|Harry Potter and the Deathly Hallows Part 2 movie poster, image property of Warner Bros.|
Harry Potter and the Deathly Hallows Part 2 AWESOME!
Sometime towards the end of 1999 I found myself looking at books that were being sold at the Book Fair in the school library. I was 13 years old and in eighth grade. For my first hour class I would go and help out in a second grade classroom at the nearby elementary school. We had taken the kids to look at the books, and that’s when I spotted J.K. Rowling’s Harry Potter and the Sorcerer’s Stone for the first time. I bought it. I read it. I loved it.
To this day I’m not really sure what made me buy it in the first place. It wasn’t exactly my proper reading level. And where did I get the money? I guess I’ll never know. But for some reason I did, and I’ve been a huge Harry Potter fan ever since. I loved the blending of fantasy with reality. I loved the quirky characters, strange locales, and the mystery of it all. I loved the surprise twist at the end of every book! I was sure Snape was the bad guy, I never dreamed that Ginny would have opened the Chamber of Secrets, and who wasn’t thoroughly convinced Sirius was a murderer?
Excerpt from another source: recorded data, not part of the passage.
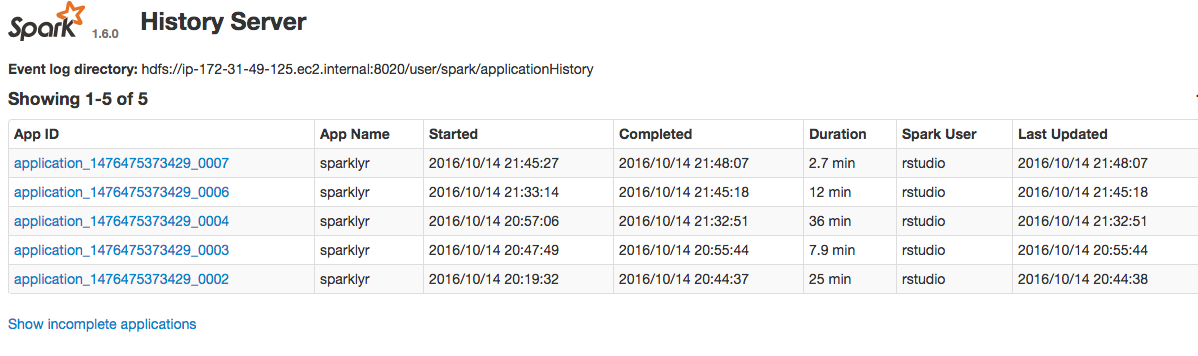 sc <- spark_connect(master = "yarn-client", version="1.6.0", spark_home = '/opt/cloudera/parcels/CDH/lib/spark/')
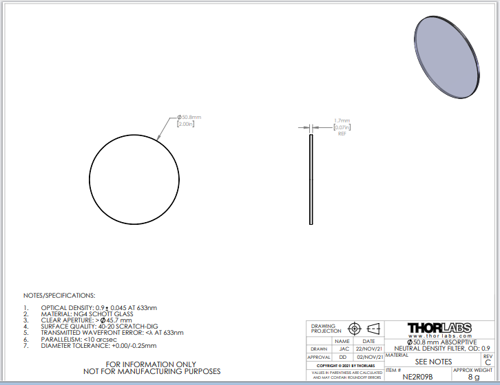Thorlabs索雷博 NE2R09B 吸收型中性密度滤光片
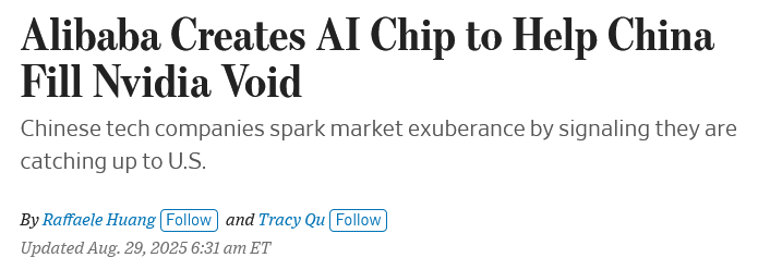 由于半导体技术的出口管制,阿里这样的公司,芯片必须在国内生产。据报道,为阿里代工的很可能就是中芯国际(SMIC),它也是华为昇腾系列NPU的制造商。一个完整的国产化链条,正在慢慢形成。
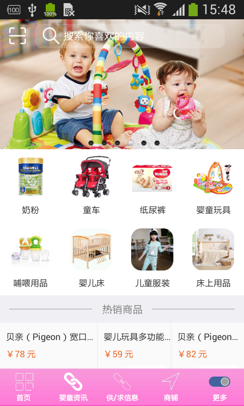 【分类清晰】产品分为奶粉、童车、纸尿裤、婴童玩具、哺喂用品、婴儿床、儿童服装等等;
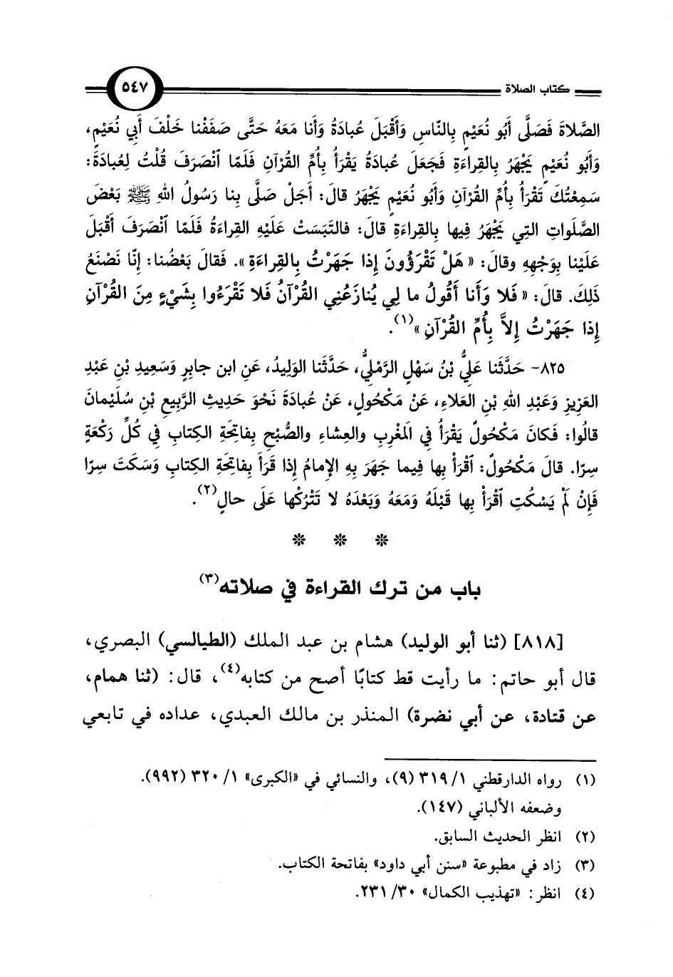 825 - حَدَّثَنا عَلِيُّ بْنُ سَهْلٍ الرَّمْلِيُّ، حَدَّثَنا الوَليدُ، عَنِ ابن جابِرٍ وَسَعِيدِ بْنِ عَبْدِ العَزِيزِ وَعَبْدِ اللهِ بْنِ العَلاءِ، عَنْ مَكْحُولٍ، عَنْ عُبادَةَ نَحْوَ حَدِيثِ الرَّبِيعِ بْنِ سُلَيْمانَ قالوا: فَكانَ مَكْحُولٌ يَقْرَأُ فِي المَغْرِبِ والعِشاءِ والصُّبْحِ بِفاتِحَةِ الكِتابِ فِي كلِّ رَكْعَةٍ سِرًّا. قال مَكْحُولٌ: اقْرَأْ بِها فِيما جَهَرَ بِهِ الإِمامُ إِذا قَرَأَ بِفاتِحَةِ الكِتابِ وَسَكَتَ سِرًّا فَإِنْ لَمْ يَسْكُتِ اقْرَأْ بِها قَبْلَهُ وَمَعَهُ وَبَعْدَهُ لا تَتْرُكْها عَلَى حالٍ (¬2).

For the past ten years we’ve been treated to a new Harry Potter film almost annually. Ten years is a long time. When the movie Harry Potter and the Sorcerer’s Stone first came out in November of 2001, I was fifteen years old. I was a sophomore in high school. I saw Prisoner of Azkaban the summer after I graduated, the fourth and fifth installments were released while I was on a mission in Chile, and just last night I found myself in my mid-twenties—with a job and a fiancé—watching the final half of the final film. I marvel at just how much of my lifespan has been experienced with Harry by my side.
But after the much-anticipated movie Harry Potter and the Deathly Hallows Part 2 was over and the credits were rolling, I was left with a very odd feeling. Why wasn’t I beaming with sheer joy?? Why wasn’t I screaming my excitement from the rooftops?? I have been obsessing over the movie for a full week on this blog, and yet there I was, riding home from the theater in Salt Lake City, filled with such a melancholy that I feared that perhaps I hated the movie.
But in reality it was a very good movie. I just wanted more somehow.
The movie was over all too quickly, partly because it was the shortest Potter film yet (only 130 minutes) and partly because it had a very quick pace. It also didn’t feel like a complete movie, which I had to remind myself was because it isn’t a complete movie. Part 2 is the exciting climax that Part 1 was leading up to. I feel like if I had seen both parts all together, as one cohesive story, I would have left the theater feeling more fulfilled.
However, looking back on it, I feel like the movie got a lot of things right. The Battle of Hogwarts was done very well, with spells both beautiful and terrifying. People were dying, heroes were made, and the stakes definitely felt at their highest. While war was raging all around them, the trio had to find and destroy the last of the horcruxes. Then Harry ultimately had to confront his fate.
Daniel Radcliffe was on the top of his game as far as acting is concerned. I thought Harry’s decision to die was handled very well, as was the otherworldly scene in King’s Cross. The only thing that bothered me a little was his final battle with Voldemort. I just felt like it was a bit anticlimactic. Some details were changed from the book, but I’m not necessarily mad at that. I just don’t understand how simply disarming Voldemort caused him to crumble away like he did.
Alan Rickman’s performance as Snape was hands down the best he’s ever done. Snape’s death was tragic to see, and I really thought there was a good connection between him and Harry during those final moments of life. Even before seeing the memories in the Pensieve, I felt like Snape and Harry came to an understanding. The flashbacks that showed us the full complexity of Snape—his love for Harry’s mother and his true allegiance to Dumbledore—were very moving and in my opinion, artfully done. Seeing Snape weep over Lily’s dead body was one of the saddest things I have seen onscreen in a long time.
The score by Alexandre Desplat was very good, and I was grateful that he used so much of John Williams’ original score. Since this movie was like the final bow for all of the characters we’ve come to love, it was very nostalgic to hear bits of “Hedwig’s Theme” and even “Harry’s Theme” which we haven’t heard in a Potter film for many, many years.
I also thoroughly enjoyed the epilogue, where we were able to see that peace and order has been restored to the wizarding world. The now grown-up Harry giving words of comfort to his own son was lovely, and I was impressed with the makeup and costuming. They really did look nineteen years older.
Now, back to the odd numbness I felt after Harry Potter and the Deathly Hallows Part 2 ended: It wasn’t about the movie necessarily. The movie was everything it could have been and more. I guess I just expected the end of an era to feel more earth-shattering or life-altering or important. But in the end, it was just me sitting in a dark movie theater. It was just the close of a book.